Here it is from eBay





It was nicely packed and they even left directions on how to put it back together...lol


 



Unwrapped and on the stand




The whole bike had faded and blotchy paint but a ton of potential.

 






View attachment 361083

View attachment 361084

View attachment 361085

View attachment 361086


----------



## Robertriley (Sep 17, 2016)

The polishing begins

Half the guard finished




Before and after the fender


 

 

It had only one pedal and a beautiful kids seat




All done.  I should do the whole thing one more time but I don't see that happening.


----------



## Robertriley (Sep 17, 2016)

I'm wondering it they came with that little seat.  Here's another original one with the same little single bar frame seat.
http://www.nostalgic.net/1938-1941-sears-collegiate-elgin


----------



## Robertriley (Sep 17, 2016)




----------



## MrAustralia (Sep 17, 2016)

That looks awesome!

Amazing what a bit of "elbow grease" will do!


----------



## Robertriley (Sep 17, 2016)

Thankls, My back is killing me after working on it but a couple Advil and a beers really helps


----------



## Robertriley (Sep 17, 2016)

MrAustralia said:


> That looks awesome!
> 
> Amazing what a bit of "elbow grease" will do!



What did you do with that longtank Rollfast?


----------



## Jarod24 (Sep 17, 2016)

What did you use to polish it up?


----------



## Robertriley (Sep 17, 2016)

I tried everything that I had at home but then had to break down and get this.


----------



## Jarod24 (Sep 17, 2016)

Looks good man, I'll have to give that stuff a try


----------



## rollfaster (Sep 18, 2016)

Wow! Great looking bike!


----------



## CWCMAN (Sep 18, 2016)

Looks great Chris.

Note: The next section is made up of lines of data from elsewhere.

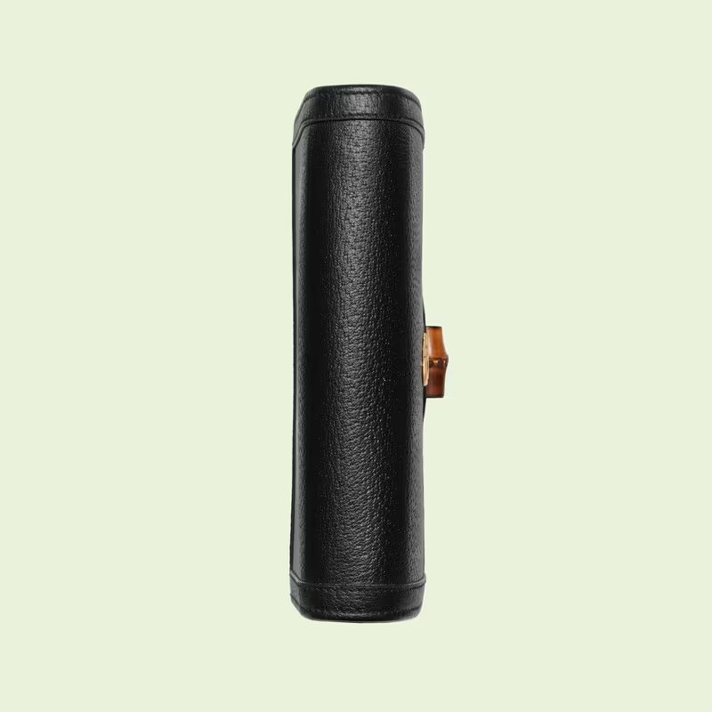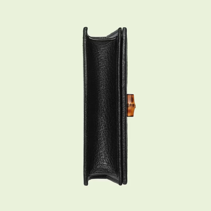 This Diana mini bag is presented in black leather. With a slim silhouette, the style reinvents the handbag’s bamboo handles as a subtle detail at the front.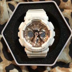 White and Gold, never worn only unboxed! Comes with warrant card and user’s guide. Unsure if warranty it still available, watch was bought over a year ago! Digital time, adjustable world clock based on your location OBO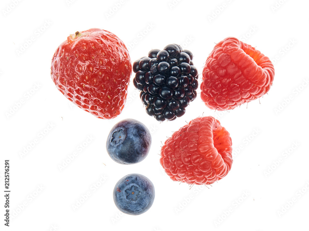Fresh, beautiful, large raspberries blueberries, strawberries, blackberries photographed in macro close-up Packed in a container in high quality.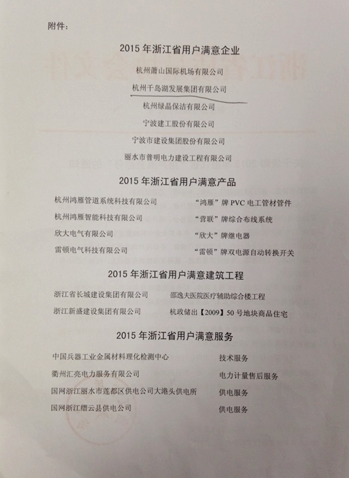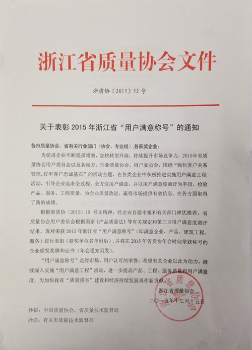 日前,从浙江省质量协会获悉,公司荣获2015年浙江省“用户满意称号”,是全省仅有的6家企业之一。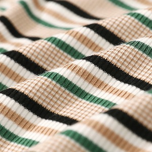 カジュアルボーダー柄デザインの半袖カットソーとスカートのセットアップです。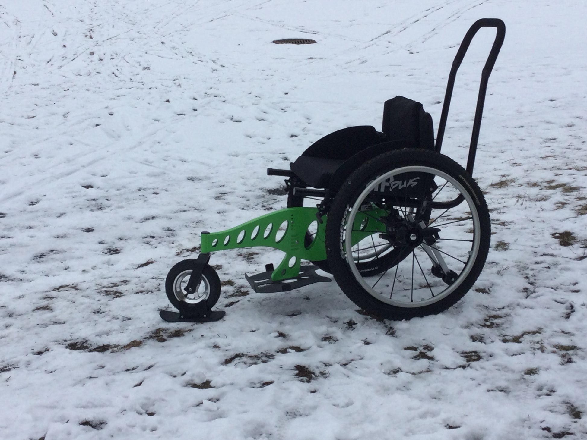 Self-guided rental of a green all-terrain chair from TrackZ Mobility, HP + adult model, for a walk on the Sentiers de la Capitale and Gatineau Park. You can rent this chair at the Relais plein air du Parc de la Gatineau.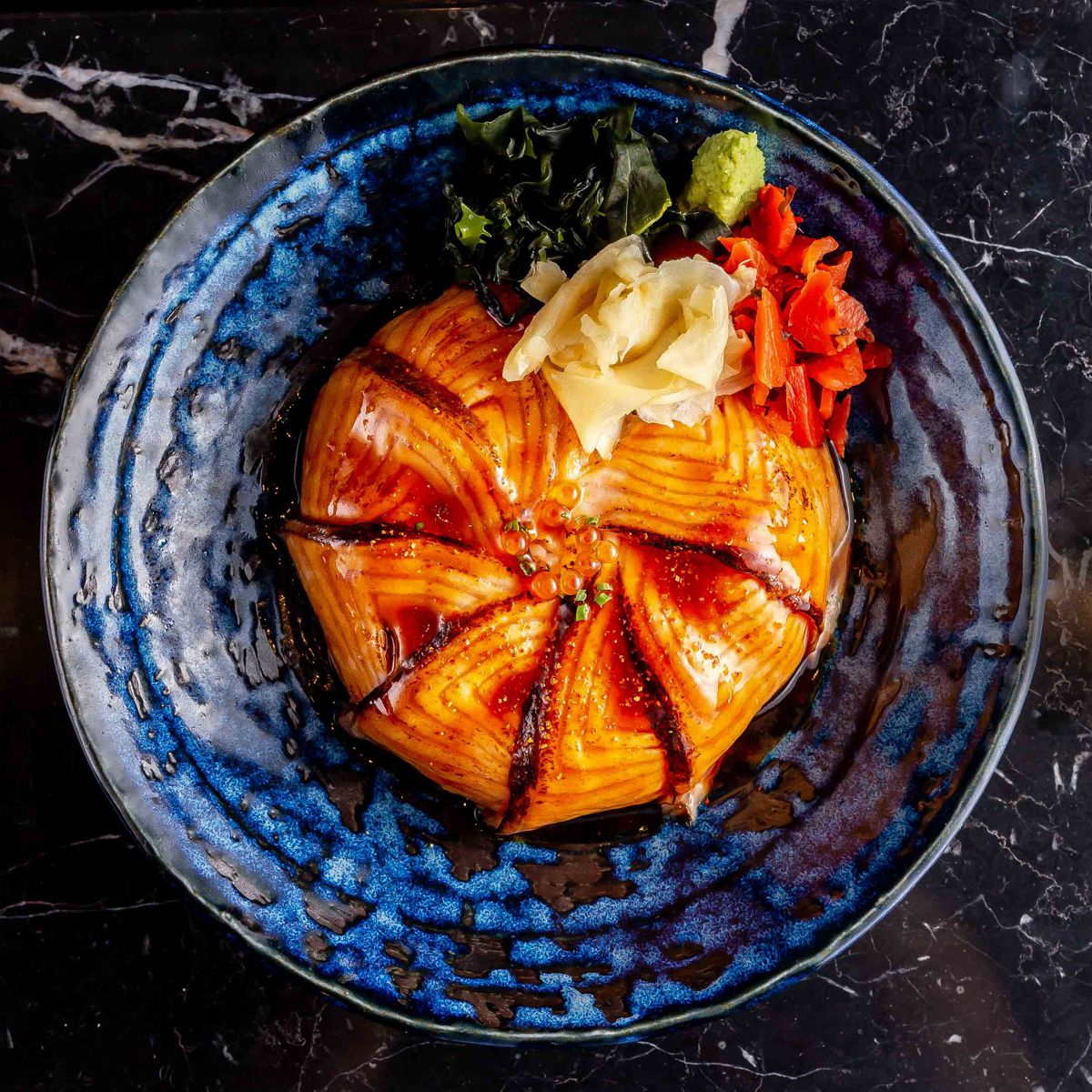 Flamed seared sustainable salmon topped with ikura & our secret Calia sauce on Japanese Akitakomachi rice.

I like it!

I'll have to try that product from Meguiars but another good product that works wonders is TR3.


----------



## Handle Bar Hoarder (Sep 18, 2016)

Robertriley said:


> It's been a busy day but I was still able to knock out the new Collegiate.
> Here it is from eBay
> View attachment 361078
> 
> ...



that is a nice bike good find I was going to go for it on e bay but did not  that,s a good one


----------



## Euphman06 (Sep 18, 2016)

I use the ultimate compound too, have always loved how things turn out with it.


----------



## Stickley (Sep 18, 2016)

Ultimate compound is the best ! Great bike looks fantastic !


----------



## littleman (Dec 10, 2022)

Nice work


----------



## Vinz (Dec 12, 2022)

Great condition ! A true survivor , with it's original paintjob  .👏


----------